[Stored data entries]
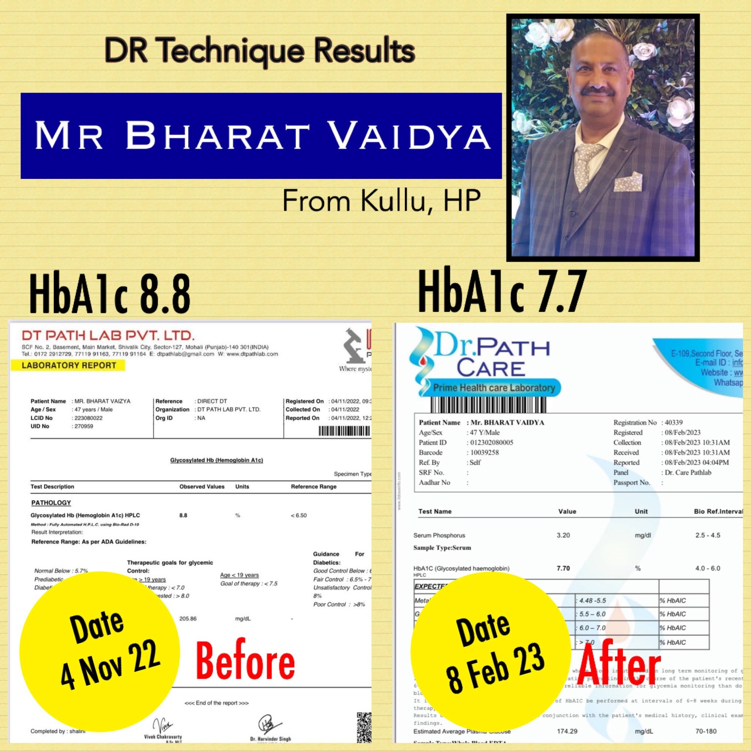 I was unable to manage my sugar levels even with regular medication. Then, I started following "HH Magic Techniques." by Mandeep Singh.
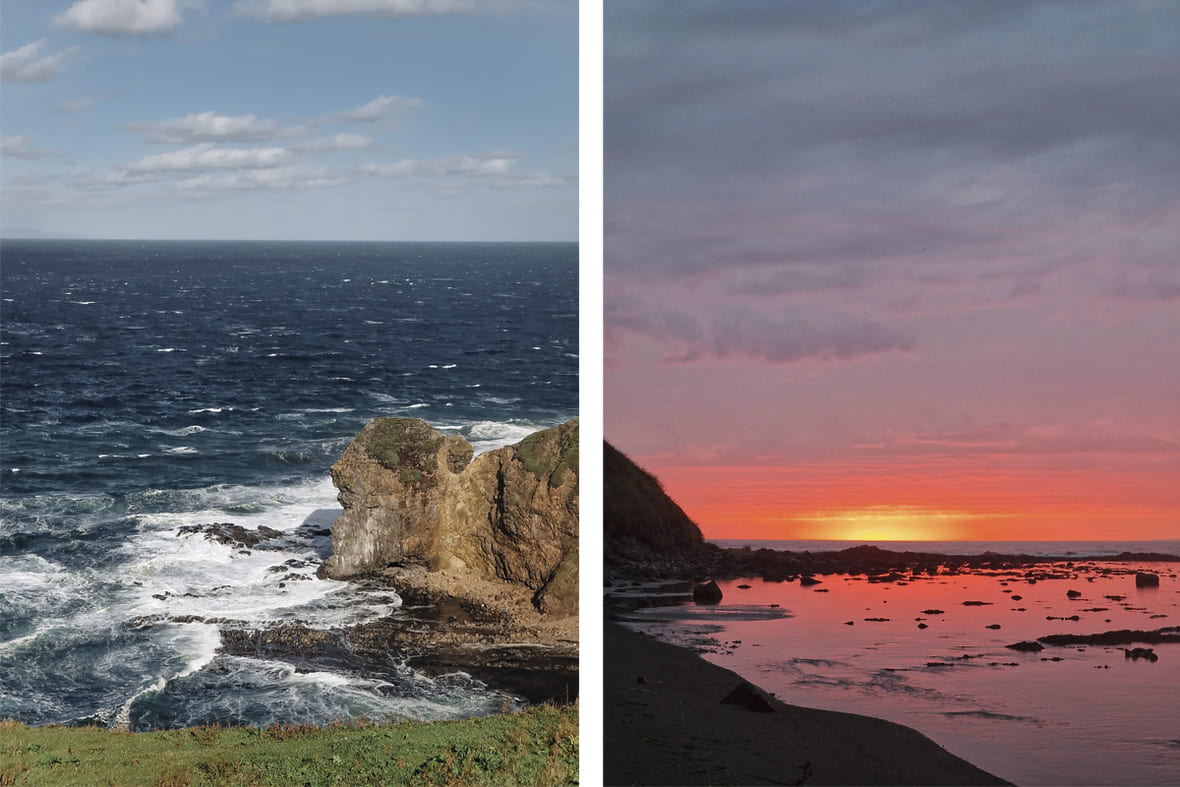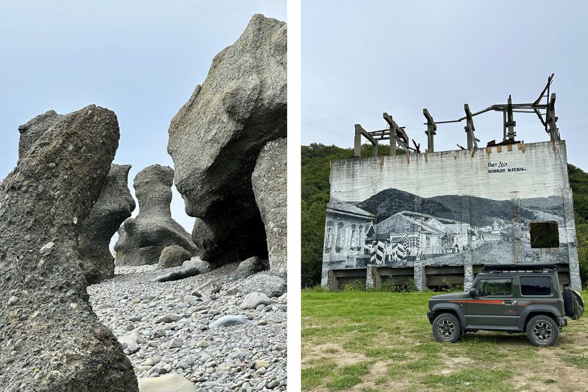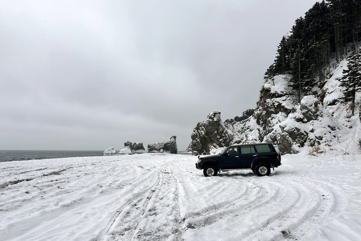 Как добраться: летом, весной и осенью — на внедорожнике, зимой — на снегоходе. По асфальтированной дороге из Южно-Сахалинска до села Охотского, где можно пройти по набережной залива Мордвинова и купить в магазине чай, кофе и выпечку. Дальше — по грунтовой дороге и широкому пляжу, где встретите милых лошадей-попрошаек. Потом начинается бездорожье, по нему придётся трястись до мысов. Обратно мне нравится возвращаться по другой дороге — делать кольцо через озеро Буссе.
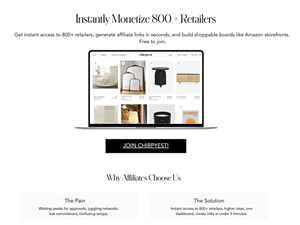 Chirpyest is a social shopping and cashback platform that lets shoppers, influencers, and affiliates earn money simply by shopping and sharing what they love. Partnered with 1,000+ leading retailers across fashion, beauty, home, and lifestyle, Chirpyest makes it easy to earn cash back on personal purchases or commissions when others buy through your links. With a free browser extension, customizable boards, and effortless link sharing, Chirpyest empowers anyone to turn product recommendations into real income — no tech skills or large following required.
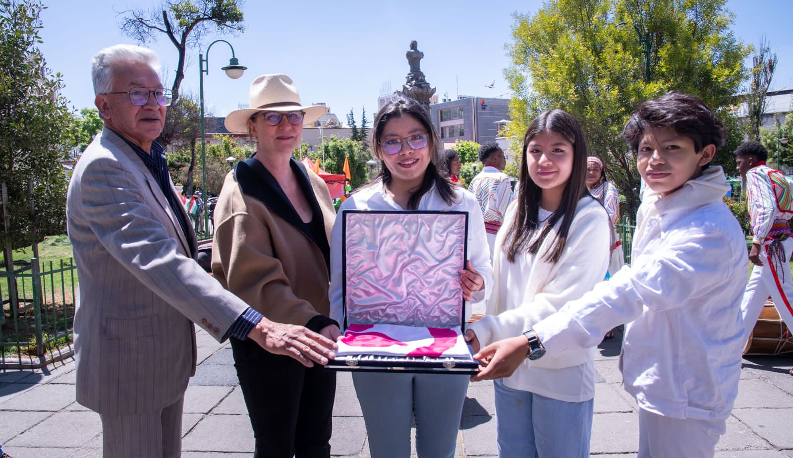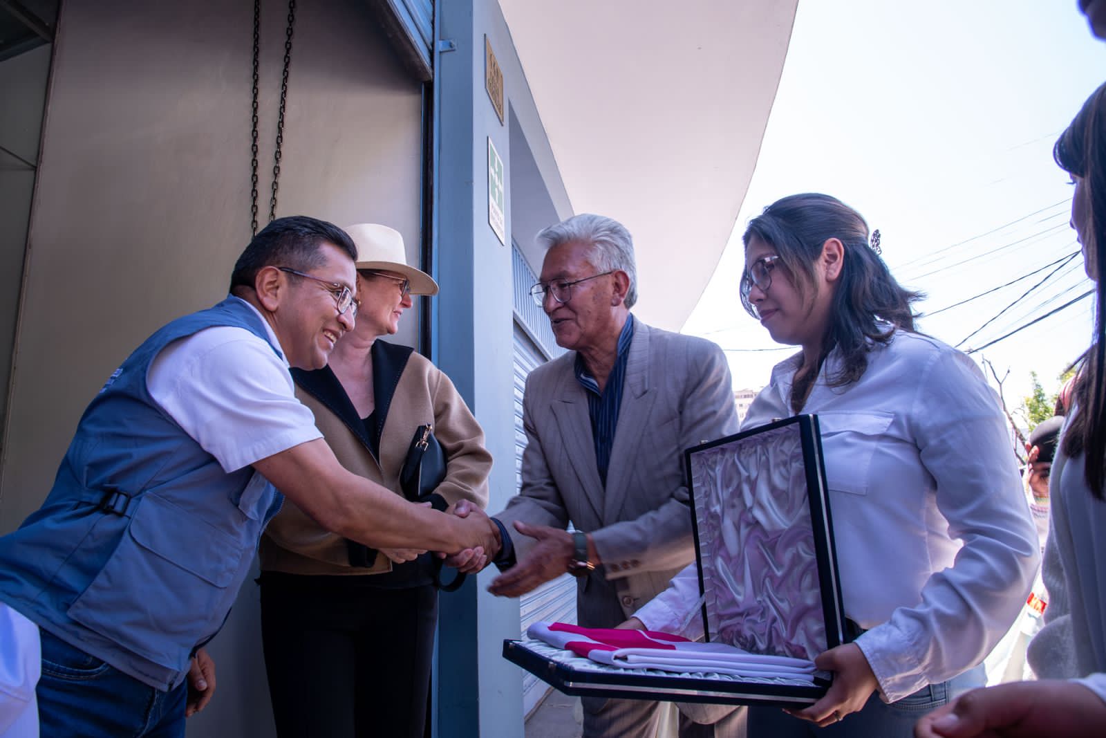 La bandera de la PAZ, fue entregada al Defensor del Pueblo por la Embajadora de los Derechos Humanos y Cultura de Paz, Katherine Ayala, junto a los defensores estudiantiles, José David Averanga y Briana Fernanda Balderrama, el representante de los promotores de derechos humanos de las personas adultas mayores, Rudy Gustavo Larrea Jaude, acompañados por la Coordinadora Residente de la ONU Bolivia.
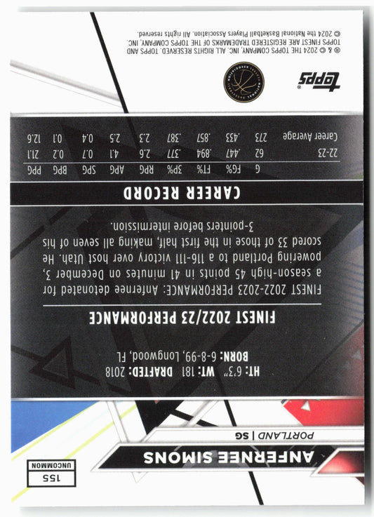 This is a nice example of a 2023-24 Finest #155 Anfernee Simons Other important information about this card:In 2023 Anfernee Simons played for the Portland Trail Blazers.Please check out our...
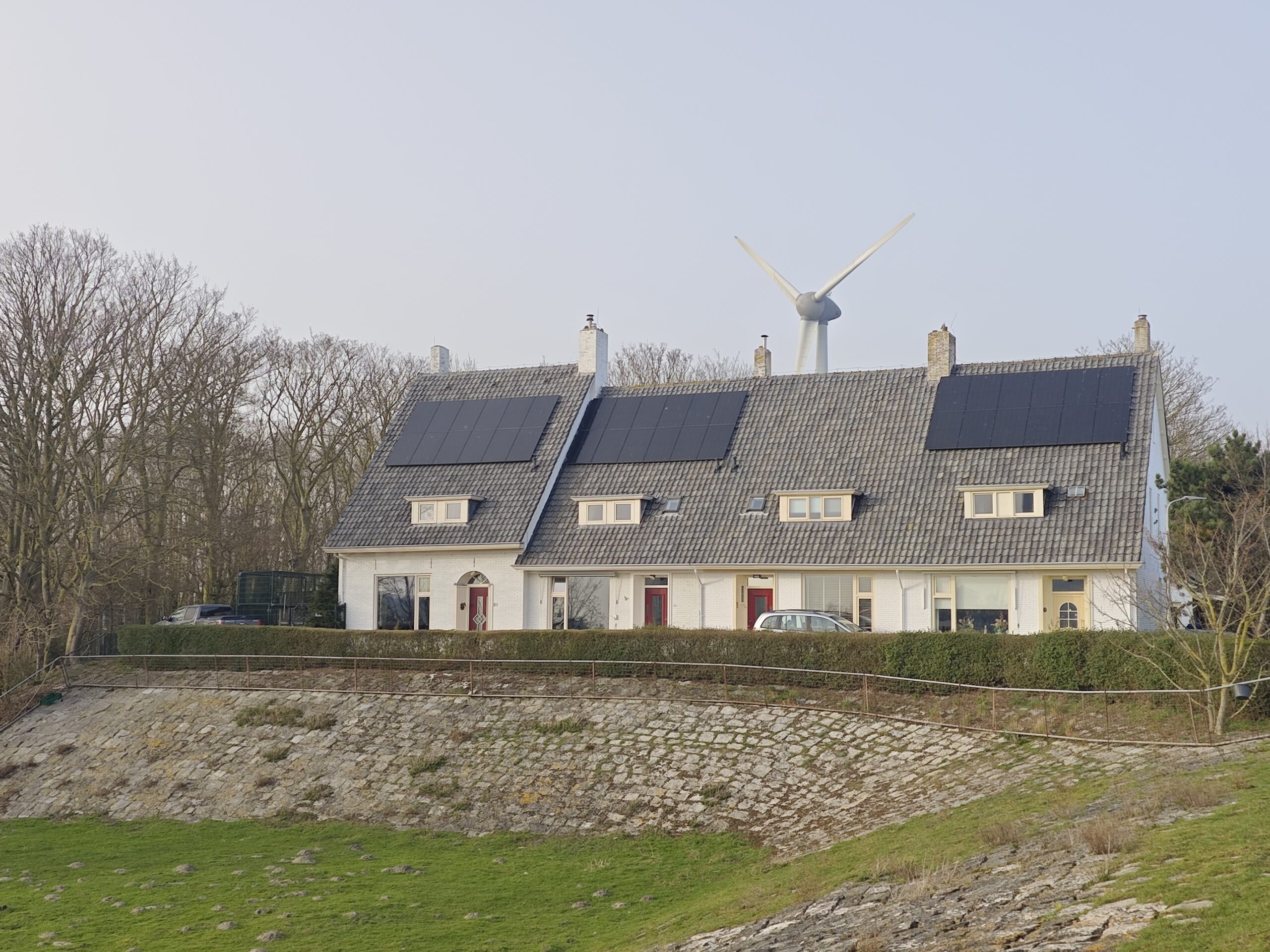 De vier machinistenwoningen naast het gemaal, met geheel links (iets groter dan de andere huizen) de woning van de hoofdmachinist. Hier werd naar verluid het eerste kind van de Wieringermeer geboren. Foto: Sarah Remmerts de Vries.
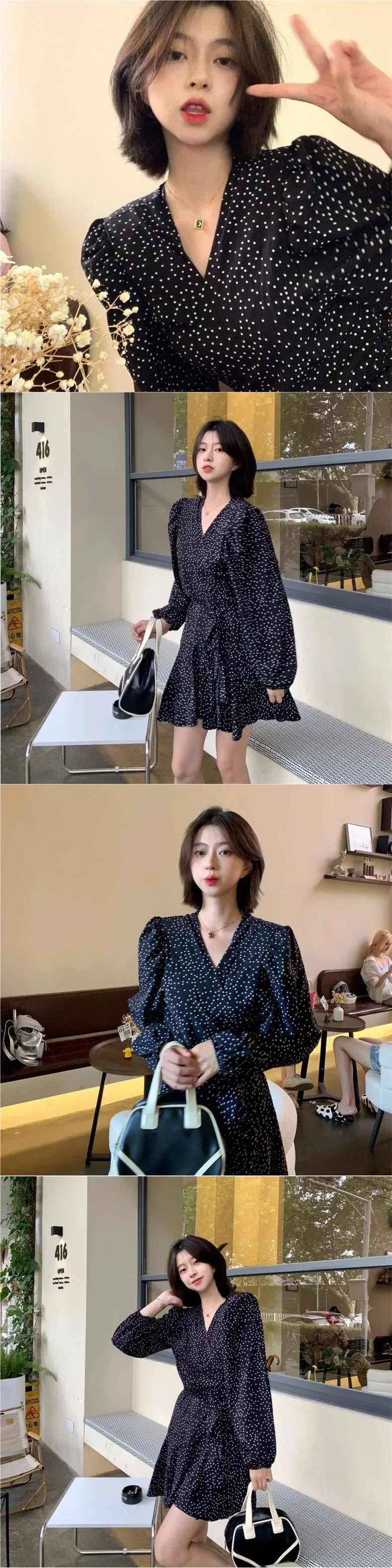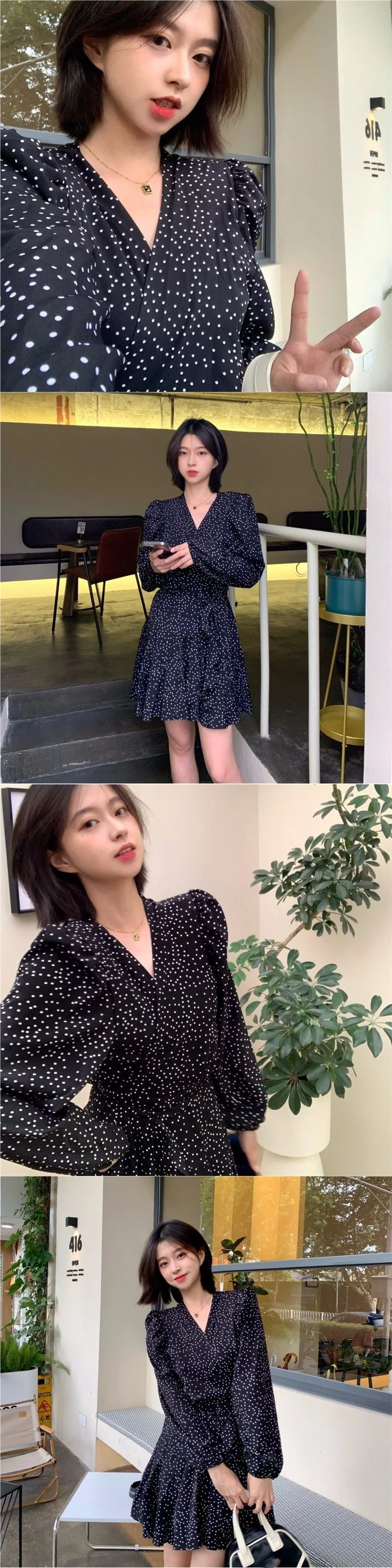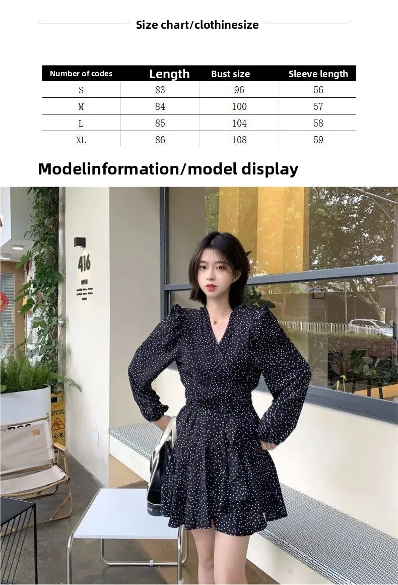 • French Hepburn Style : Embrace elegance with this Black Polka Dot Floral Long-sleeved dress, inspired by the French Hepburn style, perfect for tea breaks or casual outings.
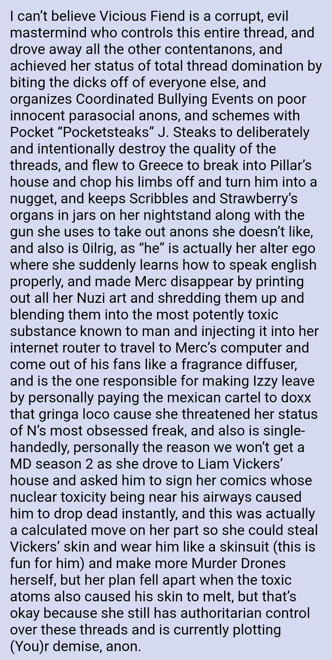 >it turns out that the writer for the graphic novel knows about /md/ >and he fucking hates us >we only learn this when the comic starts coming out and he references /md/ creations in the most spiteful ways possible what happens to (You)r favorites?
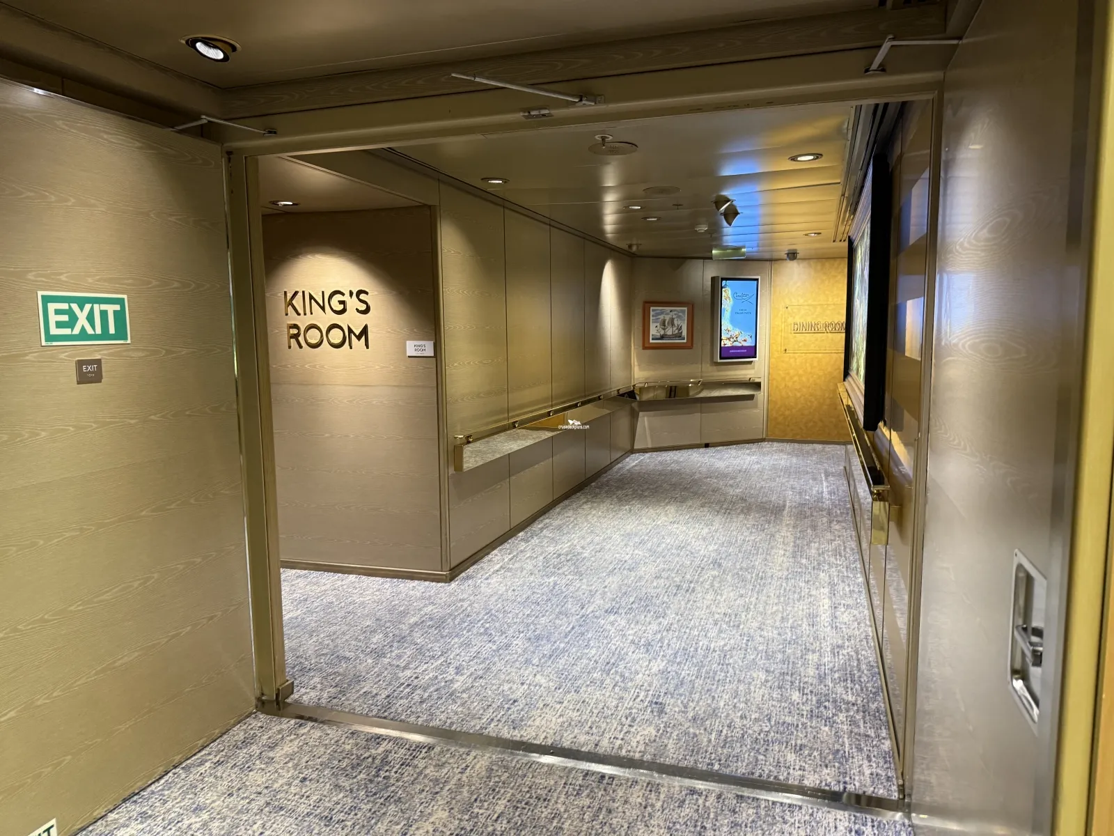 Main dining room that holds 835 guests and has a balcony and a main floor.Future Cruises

### YOUR OBJECTIVE
Using the records above, return word for word the lines that begin at the one containing "Как добраться: летом, весной" and end at the one containing "Chirpyest is a", both of them included and no pictures.

### RESULT OF THE TASK
 Как добраться: летом, весной и осенью — на внедорожнике, зимой — на снегоходе. По асфальтированной дороге из Южно-Сахалинска до села Охотского, где можно пройти по набережной залива Мордвинова и купить в магазине чай, кофе и выпечку. Дальше — по грунтовой дороге и широкому пляжу, где встретите милых лошадей-попрошаек. Потом начинается бездорожье, по нему придётся трястись до мысов. Обратно мне нравится возвращаться по другой дороге — делать кольцо через озеро Буссе.
 Chirpyest is a social shopping and cashback platform that lets shoppers, influencers, and affiliates earn money simply by shopping and sharing what they love. Partnered with 1,000+ leading retailers across fashion, beauty, home, and lifestyle, Chirpyest makes it easy to earn cash back on personal purchases or commissions when others buy through your links. With a free browser extension, customizable boards, and effortless link sharing, Chirpyest empowers anyone to turn product recommendations into real income — no tech skills or large following required.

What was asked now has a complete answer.